Так, например, носить немецкое платье Прохора Порфирыча побуждало не только благородство, но и расчет. "Случись, — говорит он, — пожар, примерно, твое дело сторона… Так-то!"
И действительно, в то время, когда руки полицейских (порастеряевски "хожалых") тащили за шивороты толпы разных чуек и чемерок и когда эти чуйки среди огня рвали голыми руками раскаленные листы железа, изредка подставляя лицо и спину под струю воды, чтоб не сгореть, — в эту пору Прохор Порфирыч мирно стоял среди благородных людей и спокойным голосом объяснял соседу:
— …Изволите видеть, столб-от… белый-с?
— Да?
— Это все из-за самых пустяков происходит. Потому теперича из верхних слоев тяга с одного конца ударяет, а снизу-то… уж она опять тоже отшибку дает… Извольте взглянуть, как оттуда понесло…
И Прохор Порфирыч, поднимая руку вверх, поворачивался лицом к ветру.
Чем более Прохор Порфирыч убеждался в справедливости своих взглядов, тем вдумчивее становилась его физиономия.
Часто во время работы в своей мастерской Прохор Порфирыч один-одинешенек вел какие-то отрывочные разговоры вслух, доверяя свои мысли станку и сырым, почернелым стенам.
"Черти! право, черти! — слышалось тогда в мастерской. — Ваше дело — путать… колесом ходить. Нет, я тебе разберу авчину-то!.." Но если случалось, что Прохор Порфирыч забегал на минутку к какому-нибудь знакомому чиновнику (знакомые его были исключительно чиновники и вообще люди благородные), то здесь сразу прорывалась вся его сдержанность и все тайные размышления вылетали наружу; он особенно любил говорить о своих делах именно с чиновником, потому что всякий чиновник умеет разговаривать: у места говорит "да", у места "нет" и всегда кстати задает вопросы.
Если же, паче чаяния, чиновник и не понимает, в чем дело, то уж зато отнюдь не противоречит.
Сидя где-нибудь в углу в тесной квартирке одного из своих знакомых чиновников, Прохор Порфирыч не спеша прихлебывал горячий чай и не переставая говорил.
— Вот вы изволили, Иван Иванович, разговаривать — времена-то теперь тугие-с.

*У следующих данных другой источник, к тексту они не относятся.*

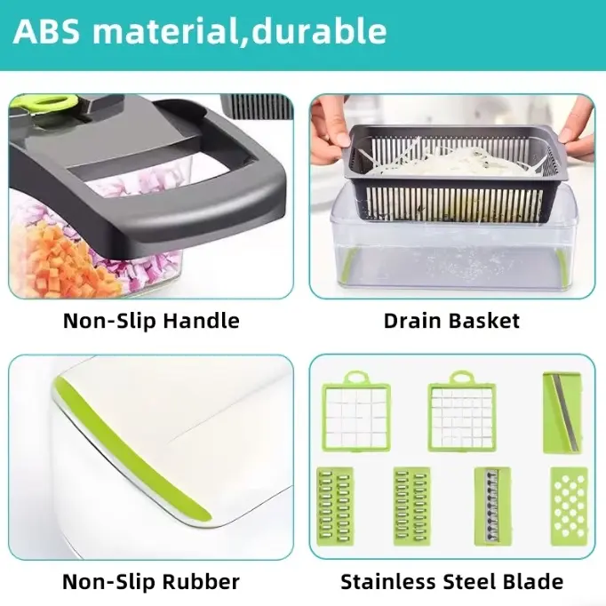 Discover the ultimate kitchen tool for efficient cutting and slicing! This chopper features multiple blades, perfect for vegetables and fruits. Simplify your meal prep with ease. 🍎

— Д-да! — вскидывая ногу на ногу, говорил чиновник.
— Д-да-с; а ежели говорить как следует, то есть по чистой совести, умному человеку по теперешнему времени нет лучше, превосходнее… Особливо с нашим народом, с голью, с этим народом — рай!
— Рай?
Чиновник встряхивал от удивления головой.
— Ей-ей-с!.. Главная-то наша досада — не с чем взяться!..
Хоть бы мало-маленько силишки в руки взять, как есть — первое дело!.. Одно: умей наметить, расчесть!.. Приложился — "навылет". Вот, говорят: "хозяева задавили!" Хорошо. Будем так говорить: надели я нашего брата, гольтепу, всем по малости, чтобы, одно слово, в полное удовольствие, — как вы полагаете, очувствуется?
Чиновник всматривался в лицо Прохора Порфирыча и нерешительно произносил:
— М-мудрено!
— Ни в жисть! Ему надо по крайности десять годов пьянствовать, чтобы в настоящее понятие войти. А покуда он такие "алимонины" пущает, умному человеку не околевать… не из чего… Лучше же я его в полоумстве захвачу, потому полоумство это мне расчет составляет… Так ли я говорю?
— Что там!.. Народ как есть!..
Чиновник наливал чай и, указывая Порфирычу на чашку, прибавлял:
— Ну-ко… опрокинь!
Порфирыч брал чашку, садился на прежнее место и продолжал развивать перед чиновником теорию о том, как бы "надо" по-настоящему, "ежели б без полоумства". Понижая почти до шепота свой голос, словно что утаивая от кого-то, он исчислял все выгоды рассудительного житья: "тогда бы и работа ходчей", и "сам бы собой дорожил", и "был бы ты на человека похож", — шептал он, — и как ни был сообразителен чиновник, он поддавался своему дрогнувшему сердцу и с скорбью произносил, что хорошо бы надоумить "ребят"; но тут же, принимая в расчет "полоумство", опять приходил в себя и убеждался, что "их, чертей", надоумить нет никакой возможности. Иронический взгляд и улыбка Порфирыча, последовавшая за таким заключением, неожиданно поражали чиновника…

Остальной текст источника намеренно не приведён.